■ Directions: Below are entries. Give back exactly the lines from the one containing "Pila bautismal [55]" through the one containing "나의 프로젝트에서 사용중인", inclusive, without the pictures.

━━━ Source data

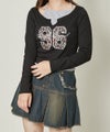 襟ぐり&裾からチラ見えするインナー風パーツは、実は“貼り付け”デザインで、レイヤードしてる風に見せつつ、1枚で完成する優秀トップス◎
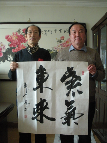 藏品艺术网北京3月4日讯 今天上午,社区生活周刊文艺部副主任、书法家柳君在藏品艺术网书画艺术委员会副秘书长、书法家韩山林的陪同下来藏品艺术网木樨园运营部笔会,创作“铸辉煌”、“笔墨情”、“厚德载福”、“紫气东来”、“善缘”、“天命”等多幅书法作品,喜迎羊年元宵佳节的到来。
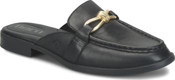 Knotted hardware brings a polished touch to this soft leather or suede mule boasting a cushy, arch-supportive footbed and a grippy rubber sole.
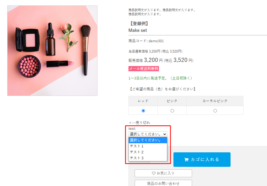 商品詳細ページの選択肢チェックを[任意]と[必須]から選択できます。
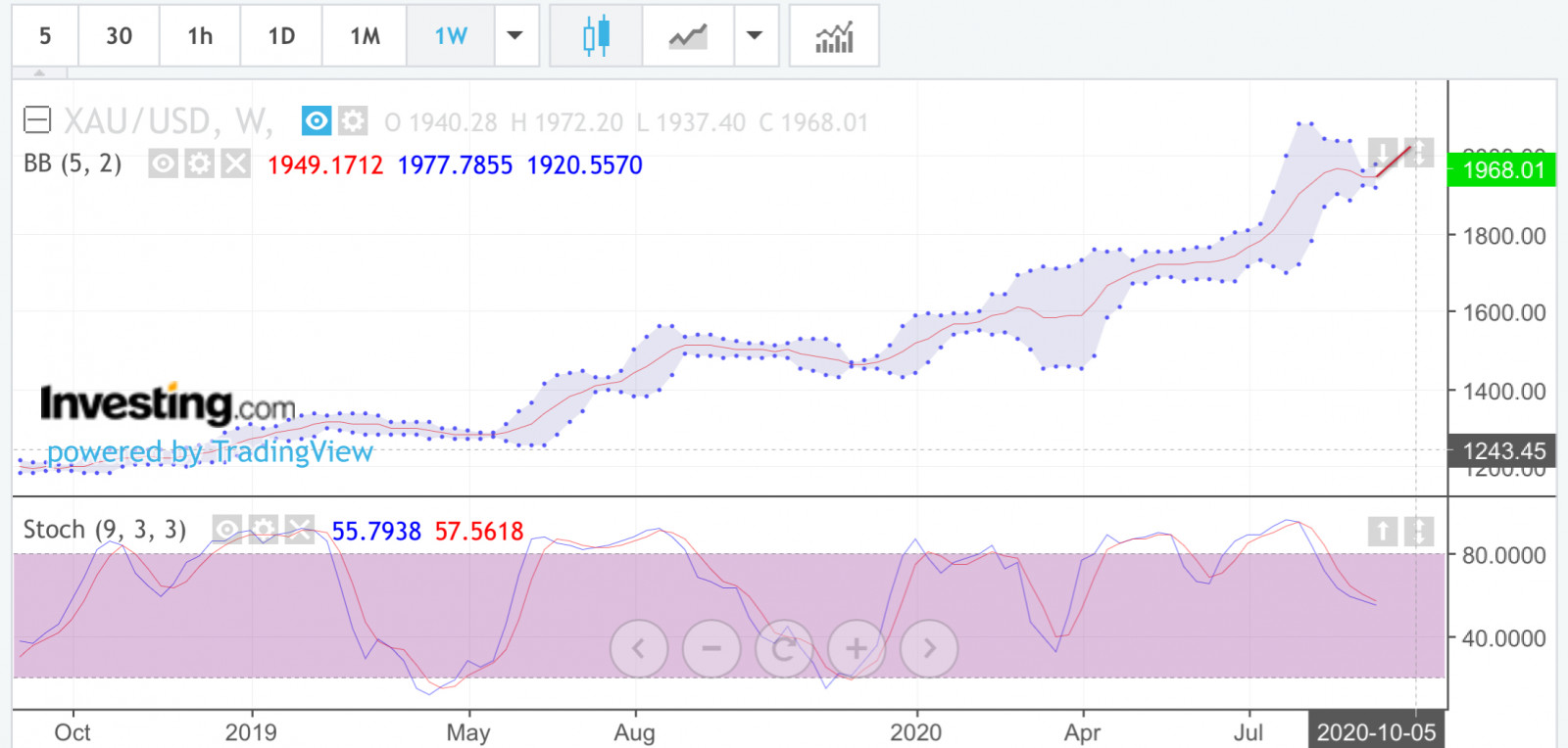 XAU/USD 未來2週站穩1968,5W均線轉為 45度角便能反轉修正持續向上挑戰突破!
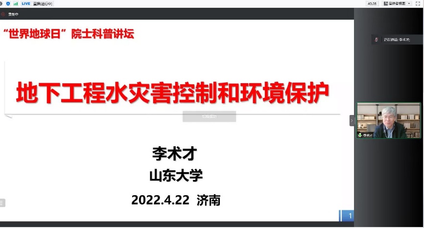李术才院士,分别做了题为《试论中国的绿色能源》和《地下水灾害控制与环境保护》的科普讲座。讲坛得到了山东省科学技术协会、中国地球物理学学会的指导和支持,有全国二十多家相关单位、千余人通过线上线下方式参与。山东省科协党组成员陈爱国副主席为开幕式致辞,参加会议的专家还有中国地球物理学会秘书长郭建、山东省地球物理学会名誉理事长刘元生、理事长张善法等。讲坛由山东省地球物理学会副秘书长杨洋副教授主持。
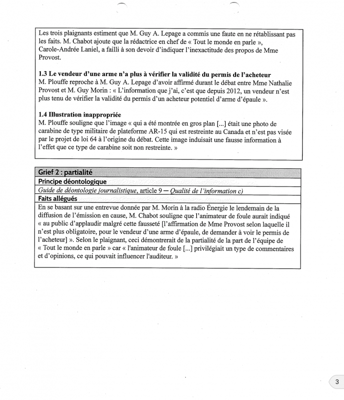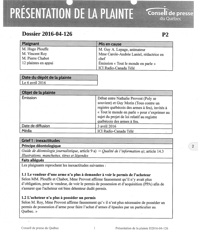 J'ai à l'époque, porté plainte à Radio-Canada et au Conseil de presse sur le manque d'objectivité de Radio-Canada dans le traitement de l'information lors de cette émission à TLP. Nous savons maintenant que la plainte sera étudié au Conseil de presse. Voici les informations obtenues à ce jour.Voici la plainte qui sera entendue au Conseil de presse, près de 2 ans après les faits !
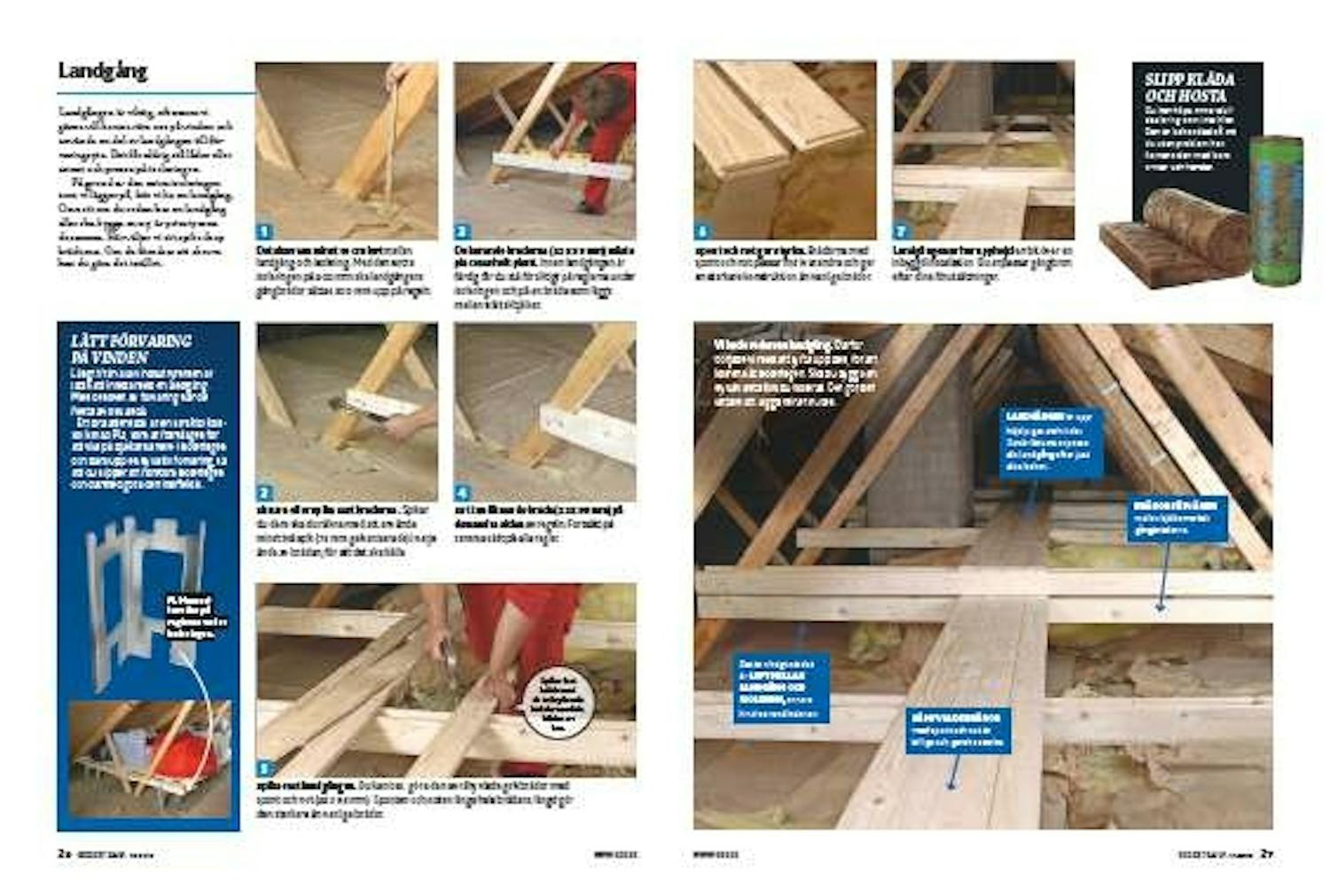 Det får aldrig stå lådor eller annat och pressa på isoleringen. På grund av den extra isoleringen som vi lägger på, bör vi ha en landgång. Oavsett om du redan har en landgång eller ska bygga en ny, är principerna desamma. Här väljer vi att spika ihop brädorna. Om du föredrar att skruva kan du göra det istället.
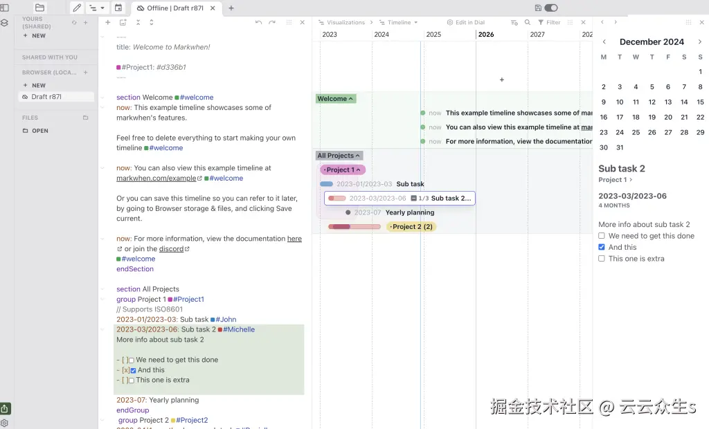因此,我们最终会在现有应用程序中使用这项技术——毕竟,这是它能够在现实世界中运行的最终证明。记住,唯一可移植的数据是 Markwhen 代码;目前,您受到支持它的应用程序数量的限制。幸运的是,Obsidian 就是其中之一。
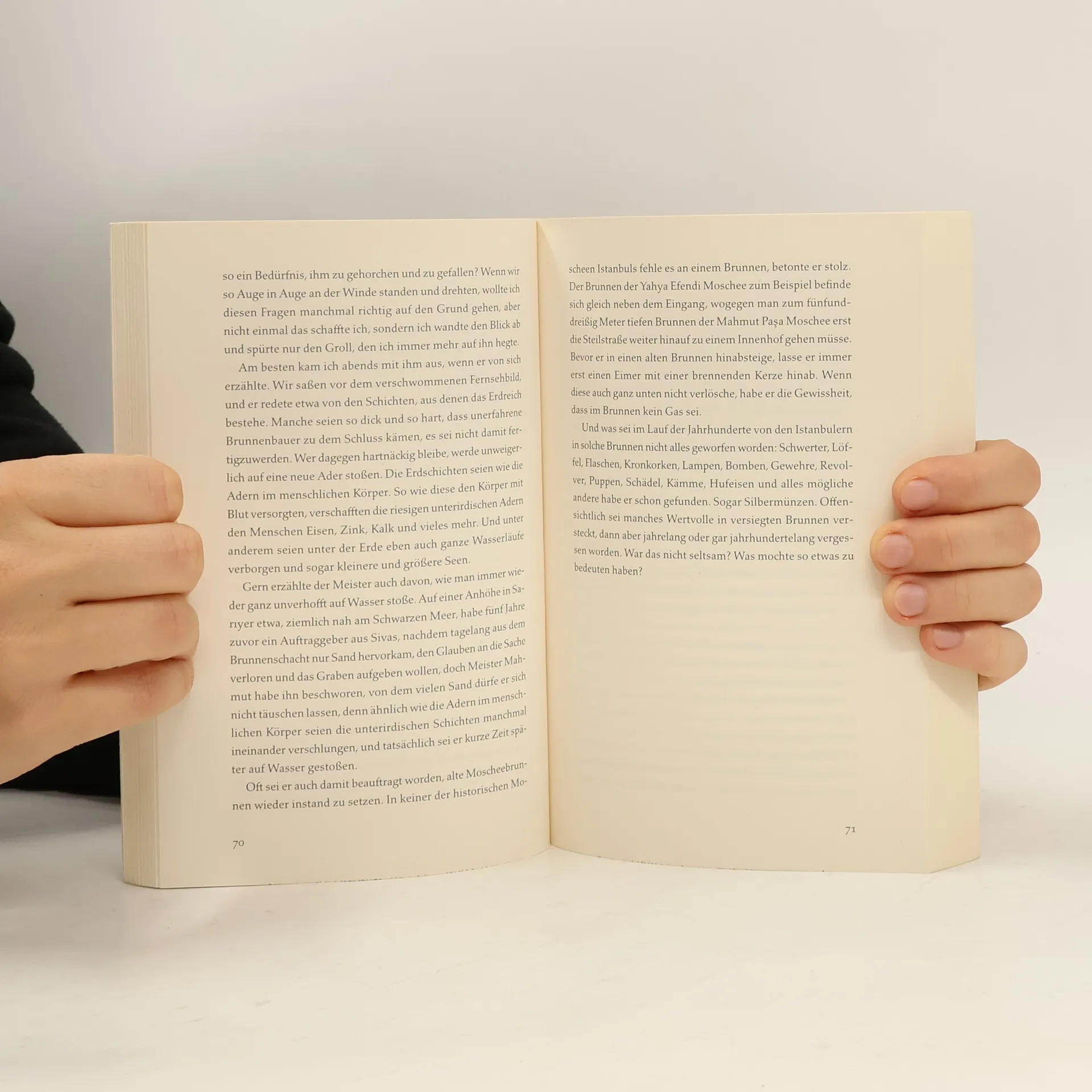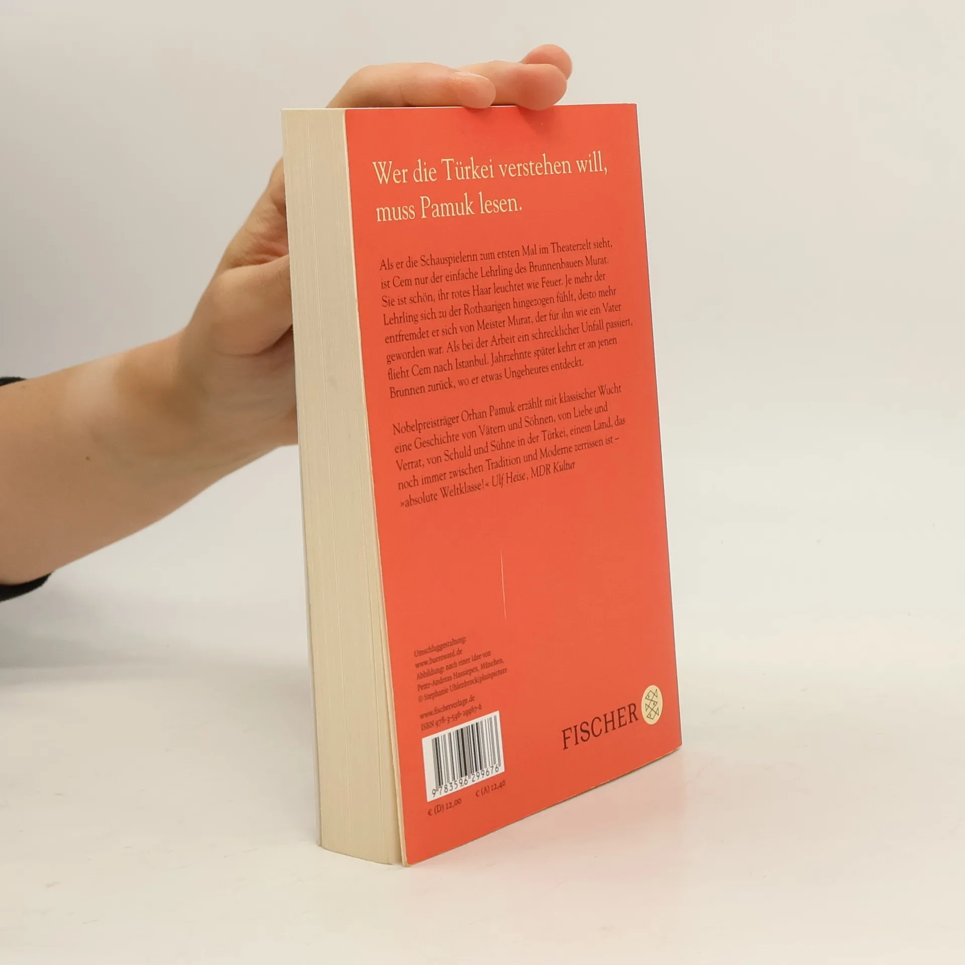 Wer die Türkei verstehen will, muss Pamuk lesen. Als er die Schauspielerin zum ersten Mal im Theaterzelt sieht, ist Cem nur der einfache Lehrling des Brunnenbauers Murat. Sie ist schön, ihr rotes Haar leuchtet wie Feuer. Je mehr der Lehrling sich zu der Rothaarigen hingezogen fühlt, desto mehr entfremdet er sich von Meister Murat, der für ihn wie ein Vater geworden war. Als bei der Arbeit ein schrecklicher Unfall passiert, flieht Cem nach Istanbul. Jahrzehnte später kehrt er an jenen Brunnen zurück, wo er etwas Ungeheures entdeckt. Nobelpreisträger Orhan Pamuk erzählt mit klassischer Wucht eine Geschichte von Vätern und Söhnen, von Liebe und Verrat, von Schuld und Sühne in der Türkei, einem Land, das noch immer zwischen Tradition und Moderne zerrissen ist – »absolute Weltklasse!« (Ulf Heise, MDR Kultur)
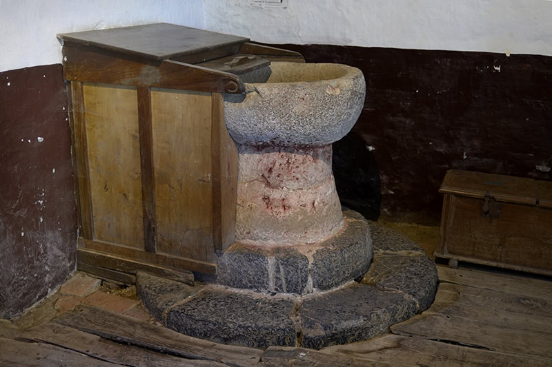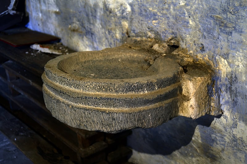 Pila bautismal [55] (78 x ø70). Piedra caliza. Copa semiesférica sobre un tosco pie cilíndrico y doble grada semicircular. Pieza muy popular, difícil de clasificar estilísticamente. Se encaja en un mueble de brazos avolutados, seguramente del siglo XIX.
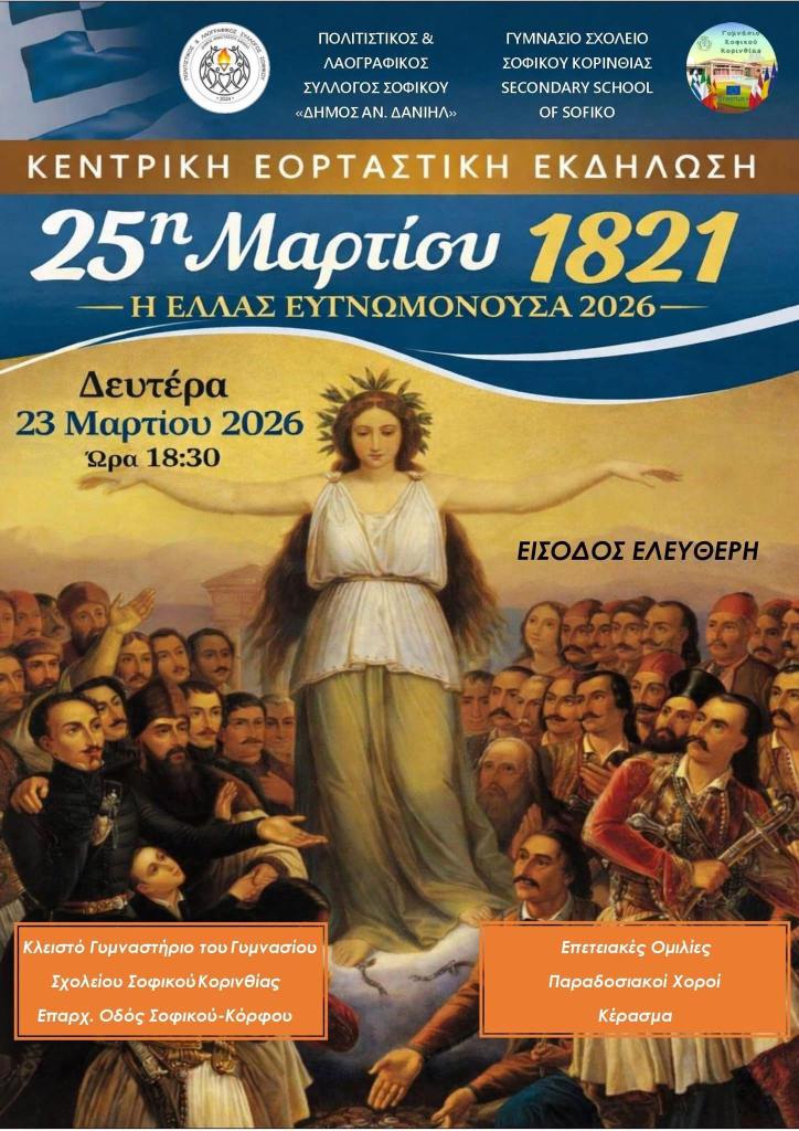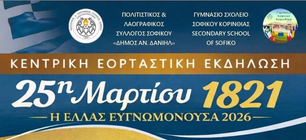 Με ιδιαίτερη λαμπρότητα και ιστορική κατάνυξη, το Σοφικό ετοιμάζεται να τιμήσει την επέτειο της Ελληνικής Επανάστασης. Ο Πολιτιστικός & Λαογραφικός Σύλλογος Σοφικού «Δήμος Αν. Δανιήλ», σε μια εξαιρετική συνδιοργάνωση με το Γυμνάσιο Σοφικού, προσκαλούν τους πολίτες στην εκδήλωση «Η ΕΛΛΑΣ ΕΥΓΝΩΜΟΝΟΥΣΑ 2026».
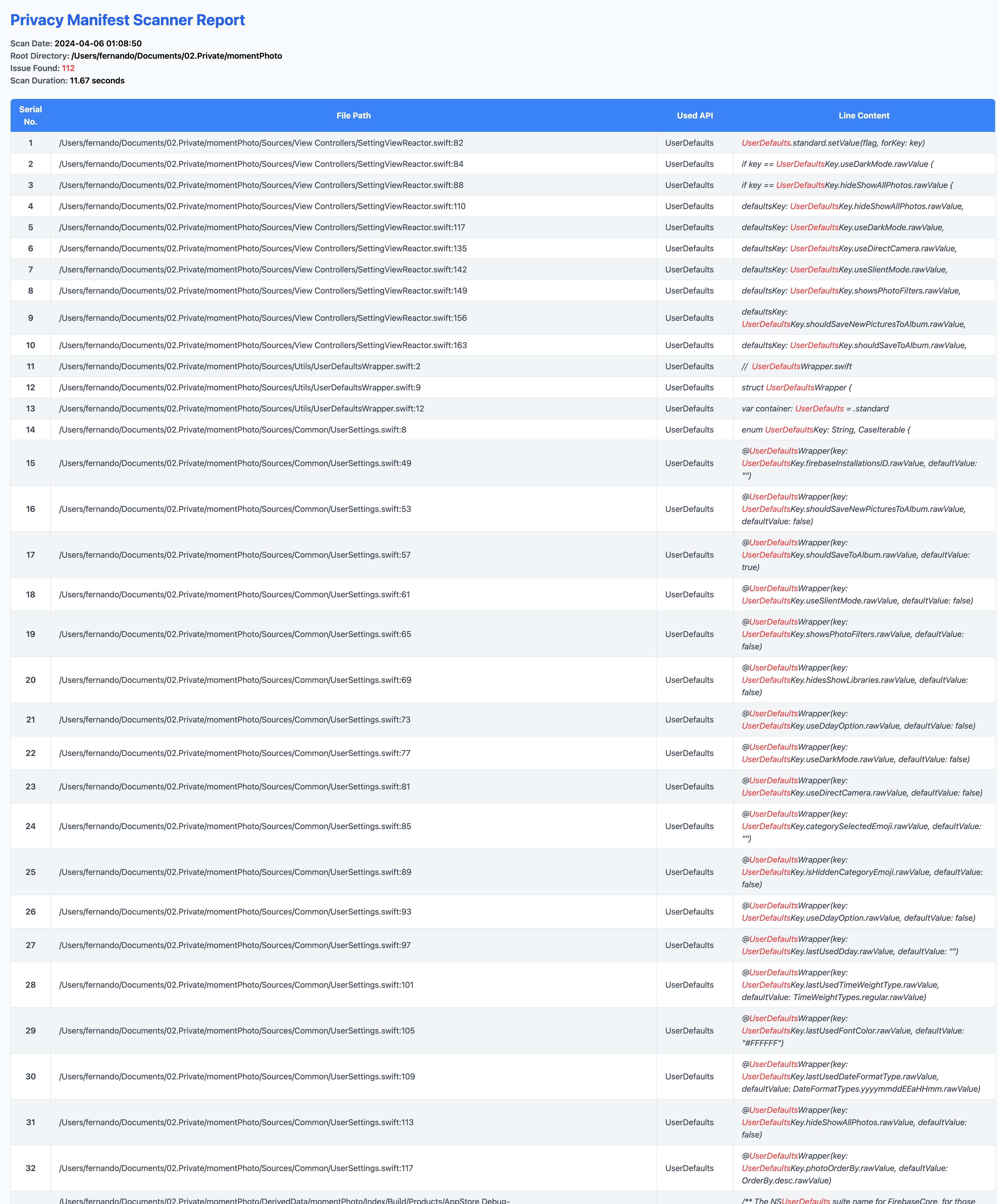 나의 프로젝트에서 사용중인 Required Reason API를 모든 파일을 스캔하여 확인해주고, 해당 결과를 HTML 파일로 리포트 해줍니다. 아래에서 간단한 사용법에 대하여 설명 드리도록 하겠습니다.
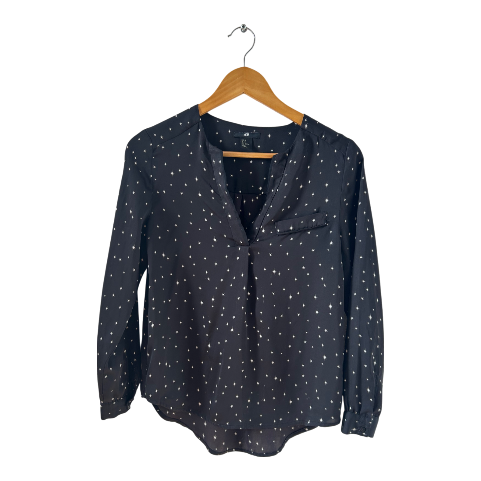 ✨ Diese stilvolle Bluse von H&M in Größe 32 ist ein echter Allrounder: Das feine Sternenmuster auf schwarzem Grund verleiht ihr einen modernen, femininen Look. Der fließende Stoff aus 100 % Polyester trägt sich angenehm leicht und macht sie zum perfekten Begleiter für Büro, Alltag oder Abendveranstaltungen.

━━━━━━

■ Final answer:
 Pila bautismal [55] (78 x ø70). Piedra caliza. Copa semiesférica sobre un tosco pie cilíndrico y doble grada semicircular. Pieza muy popular, difícil de clasificar estilísticamente. Se encaja en un mueble de brazos avolutados, seguramente del siglo XIX.
 Με ιδιαίτερη λαμπρότητα και ιστορική κατάνυξη, το Σοφικό ετοιμάζεται να τιμήσει την επέτειο της Ελληνικής Επανάστασης. Ο Πολιτιστικός & Λαογραφικός Σύλλογος Σοφικού «Δήμος Αν. Δανιήλ», σε μια εξαιρετική συνδιοργάνωση με το Γυμνάσιο Σοφικού, προσκαλούν τους πολίτες στην εκδήλωση «Η ΕΛΛΑΣ ΕΥΓΝΩΜΟΝΟΥΣΑ 2026».
 나의 프로젝트에서 사용중인 Required Reason API를 모든 파일을 스캔하여 확인해주고, 해당 결과를 HTML 파일로 리포트 해줍니다. 아래에서 간단한 사용법에 대하여 설명 드리도록 하겠습니다.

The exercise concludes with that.